Pushing Old Nukes

The Nuclear Regulatory Commission and the Department of Energy held a joint meeting in Bethesda, Maryland, Feb. 19-21, planning "the technical issues and research topics for potential extended operation of the nation's nuclear power plants beyond 60 years." Vermont Yankee is the 48th of the nation's 104 nuclear reactors seeking a license extension beyond the original license agreement of 40 years.

I find it disturbing that the federal government is planning now for beyond 2032, yet our state government has no such plans.

Nuclear power is, at best, short-sighted. It is based on yet another finite resource.

To push old reactors beyond their intended design specifications must lead to such events as cooling tower collapses, increased outages due to equipment failure secondary to overload, increased erosion corrosion within the reactor (a problem that can only be found through deep inspections that we have not seen in the NRC's get-the-job-done, cursory inspections).
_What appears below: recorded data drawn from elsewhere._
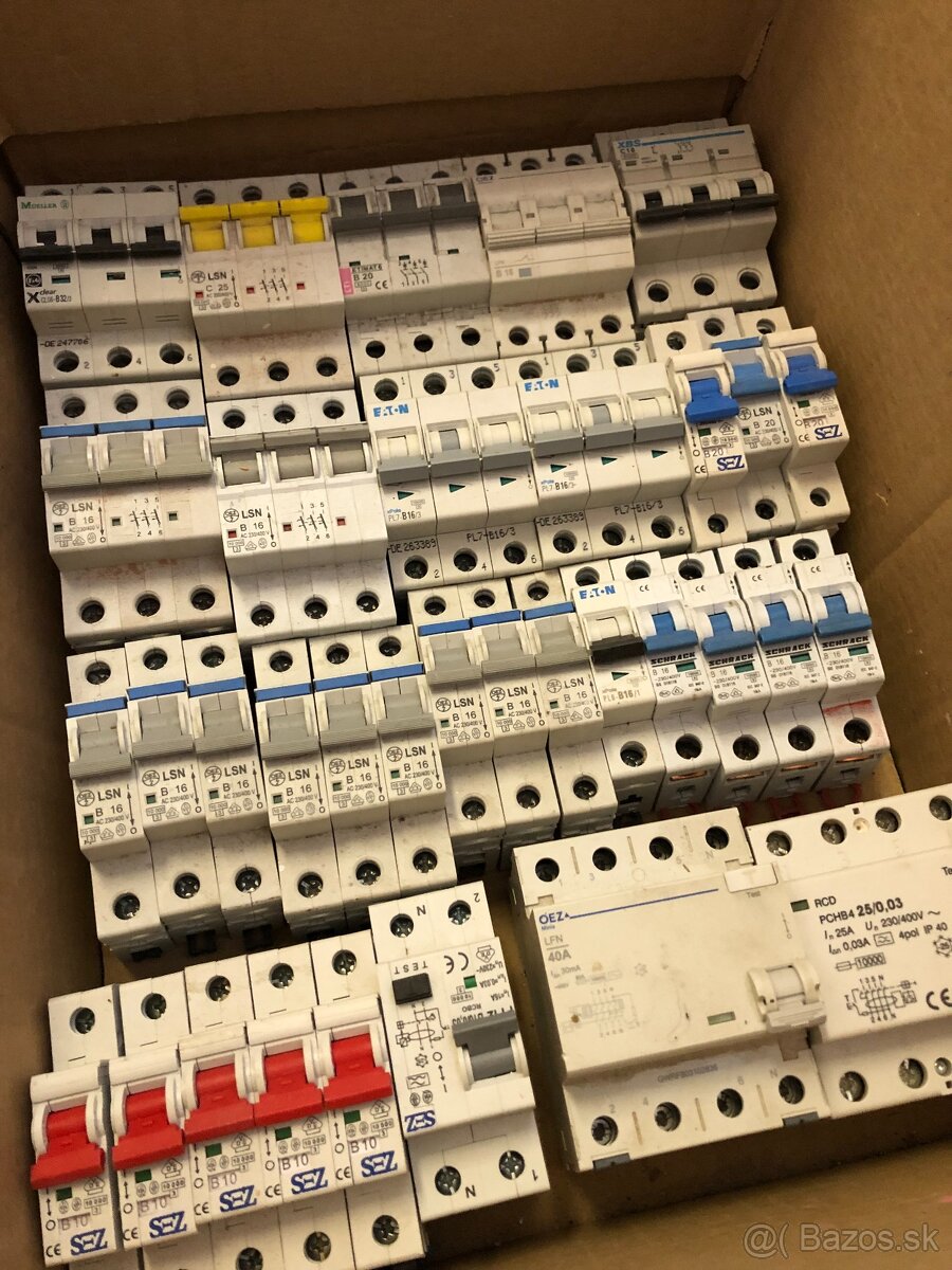 Na predaj elektroinštalačný materiál (ističe, prúdové chrániče). Niektoré sú nové, niektoré používané.
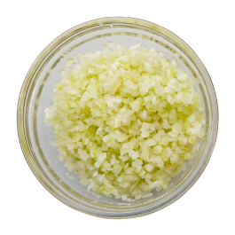 9. 所定の時間が経過したら軽く全体を混ぜ合わせ盛り付ける。6で取り出しておいたガーリックチップをちらして出来上がり。
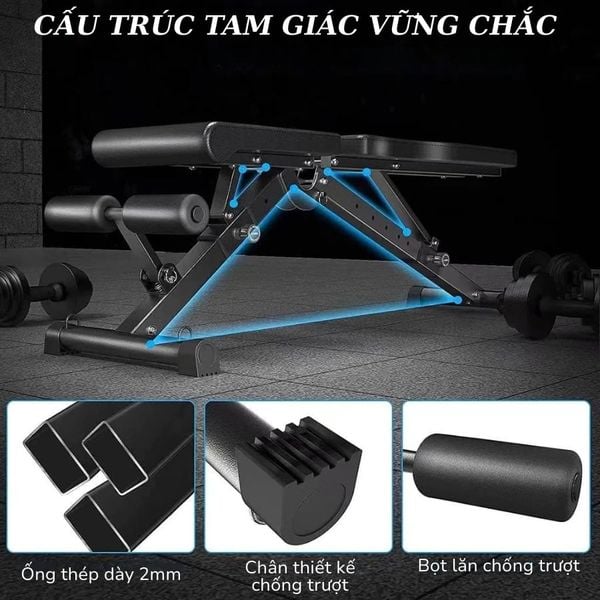 - Tập bụng: Ghế điều chỉnh góc nghiêng giúp bạn tập gập bụng, plank, nâng chân… hỗ trợ giảm mỡ bụng nhanh chóng.

While it is remarkable the uprates and license extensions have yet to lead to a catastrophic release, I believe some such accident is an inevitability. May no one be hurt, yet may it finally stop the industry and its massive PR teams.

Gary Sachs

Brattleboro

Corrections:

In our Feb. 21 issue, we mistakenly credited Peter Dellert for doing the six-foot landscape paintings as part of The Man Show at the Nashawannuck Gallery in Easthampton. Actually, they were created by Eric Ruegg. Peter does organic sculptures with recycled wood.

We failed to identify the image that appeared on the cover of our Feb. 28 issue. It is a photograph of Larry Slezak's piece, "News, Weather and Sports," which was part of the recent Cover Me show at UMass. Our review of that show ("Cover Me, Uncovered") also contained inaccurate information about recently announced layoffs at the Boston Globe. We reported that the Globe had announced 100 layoffs, based on reports in Boston Metro in late January. While the Globe said the report was factually inaccurate, Metro stood by its story, insisting that it had credible sources outside the Globe. On Feb. 28, the Boston Globe officially announced a plan to trim its staff by 60 employees.